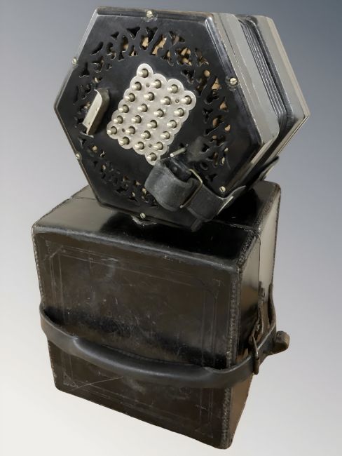An early 20th century twenty four button concertina, with ebony fret work end pieces and black leather bellows, missing makers label, in Lachenal & Co. box.
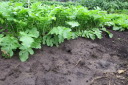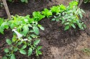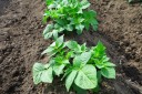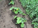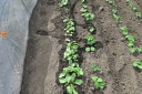 ジャガイモが一通り出そろったので培土を行い、苗もの直射を避ける囲いを外しました。スイカは1本当初から弱まっており、枯れたので苗を取り替えました。サツマイモは紅はるか、鳴門金時苗はほとんどが根を付けましたがシルクスイーツは苗は元気だったのですが天候の状態でしょうか葉は数本枯れました。ただ、新芽が出始めたので生育は遅れますが十分育つと考えられます。ペットボトルにレタスの種を植え7日目で双葉がでたのでぺーバーポットに移しました。ニンジン、ホウレン草は種が多かったのでバラマキしたところ大変な状況となり間引きが大変です。
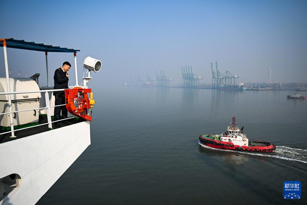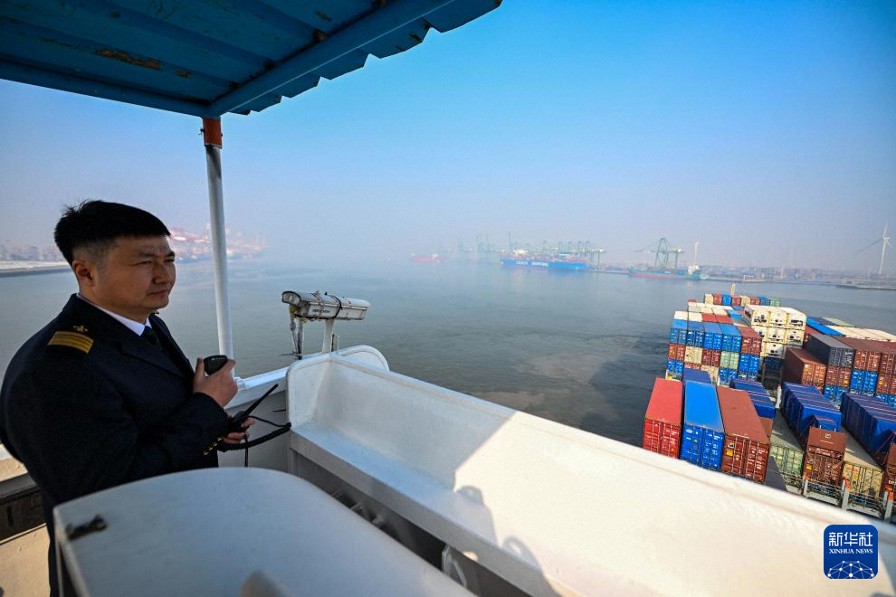 2月4日,天津港引航中心引航员孙勃在“中远海法”轮上指挥货轮进行离泊作业。新华社记者 赵子硕 摄
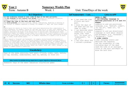 Days of the week lesson plan
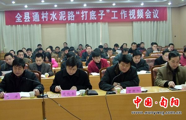 1月25日,旬阳县召开通村水泥路“打底子”工作视频会议,认真回顾总结2007年全县通村水泥路建设工作,全面安排部署2008年通村水泥路“打底子”工作,动员广大干群,抢抓机遇,大干快上,迅速掀起今冬明春群众“打底子”会战高潮。县委副书记曾朝阳、人大常委会副主任熊生明、副县长范化冬、政协副主席党永前出席会议,县直相关部门和各乡镇负责人分别在主会场和分会场参加会议。曾朝阳主持会议,范化冬作了重要讲话。
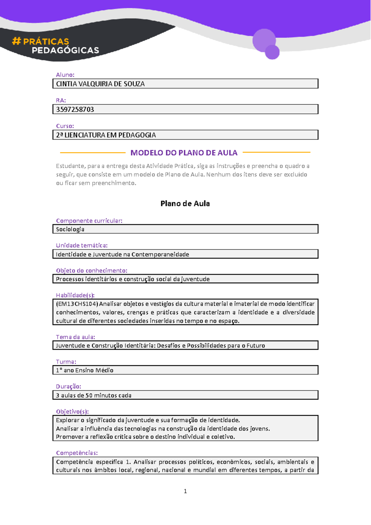 Este documento fornece detalhes sobre aspráticaspedagógicasdeum aluno, incluindo objetivosdepromover a articulação entre teoriaepráticaedominar estratégiaspedagógicasalinhadasàBNCC.

TASK ITEM -> Beginning with the line that contains "Days of the week lesson plan" and ending with the last line of the entries above, repeat each line exactly, but not the pictures.

EXERCISE SOLUTION ->
 Days of the week lesson plan
 1月25日,旬阳县召开通村水泥路“打底子”工作视频会议,认真回顾总结2007年全县通村水泥路建设工作,全面安排部署2008年通村水泥路“打底子”工作,动员广大干群,抢抓机遇,大干快上,迅速掀起今冬明春群众“打底子”会战高潮。县委副书记曾朝阳、人大常委会副主任熊生明、副县长范化冬、政协副主席党永前出席会议,县直相关部门和各乡镇负责人分别在主会场和分会场参加会议。曾朝阳主持会议,范化冬作了重要讲话。
 Este documento fornece detalhes sobre aspráticaspedagógicasdeum aluno, incluindo objetivosdepromover a articulação entre teoriaepráticaedominar estratégiaspedagógicasalinhadasàBNCC.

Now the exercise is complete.